2023に作成してストップさせていた作品をなぜ今更投稿再開させることになったかというと、まずこの作品を書くのに必要な技能の習得が少しずつできてきたというのと、この作品が好きだからです。

読者の皆様にも好きになってもらえるよう、今後も頑張ってまいりますので応援お願いします。


 翌日私はリザとセレドニオに第六の支援職を入れて指揮分隊を編成し第二部隊アトラス第三部隊イロハ第五部隊マギアの合計18人の構成で第三層から第四層へと降りた、通路は依然変わりなく城下町みたいな感じだ。

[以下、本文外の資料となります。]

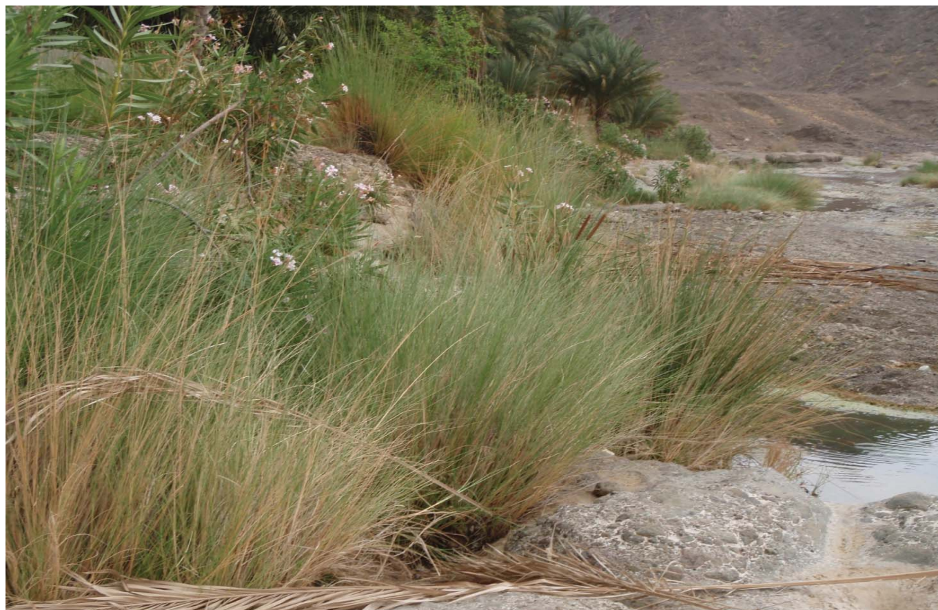
Fig 1. Saccharum kajkaiense along Wadi Khadra, showing its affinity for low ground. A clump of S. ravennae is visible at top, left of centre.

On the East Coast of the UAE, permanent water is relatively scarce except in Wadi Wurayah, which features the UAE's only year-round waterfall. There a single S. kajkaiense plant was found within the forest of Arundo donax reeds and S. ravennae above the falls. A by-product of that particular visit was the discovery of the tall, reed-like sedge Cladium mariscus , apparently a first record for the UAE. Other potential East Coast sites in Wadi Safad and Wadi Hayl did not reveal S. kajkaiense . However, it is not unreasonable to expect it to occur to the south, in some of the larger, wetter wadis of the Batinah coast of Oman.

 とりあえず偵察用の機材を使うべきかな、手綱は支援職の二人に担当してもらおう。

「アンナ、スカウトボールで偵察をルベルトはその補助、戦闘の際も頼ると思うけど二人ともよろしくね」


 白人の二人に自走するボール型の偵察機材を渡すとアンナはそれを地面に置いた、するとアンナは腕に着けている小型ディスプレイ付きのデバイスのキーパッドを操作するとキャリードッグに掛けてある箱から引っ張られるようにケーブルが伸びていくこのケーブルは200mほどの大きさだったはずだ。

「任せて、一応機材の使い方はわかってるから」

「俺は知らねえけどな」

「だからアンナに任せたの」


 気分を盛り上げつつ前進しているとアンナが映像を私に見せてきた。

「どうしたの?」

「新しい奴ね、今見える限りでは一人だけどどうする?」


 そこに映っていたのを一言で表すなら武者だろうか? 豪奢な朱色の鎧に顔は黒い布のようなものが当てられていてよくわからないよく光る紅い眼が不気味すぎる。 身長は2mを越してる腰には太刀みたいなのが一振りに刀が一振りで交差するように挿している。

「強そうね、でも戦っておかないと脅威判定もできないし」


 少しだけ悩んでいるとセレドニオが割り込んできて恐怖を煽るようないつも通りの怖い顔をして私に言う。

「俺がやる、いいな?」

「いや護衛が動くのはダメでしょ」

「相手は一人だ、なら一番強い俺がやるべきだろ、第二を残しておけば何かあっても対応できるしな罠じゃない保証がない」


 まあ一理はあるかも知れない、ウィンに聞いた限りでは魔物に食いついたら挟み込むように一気に寄ってくる迷惑な魔物もいるというし。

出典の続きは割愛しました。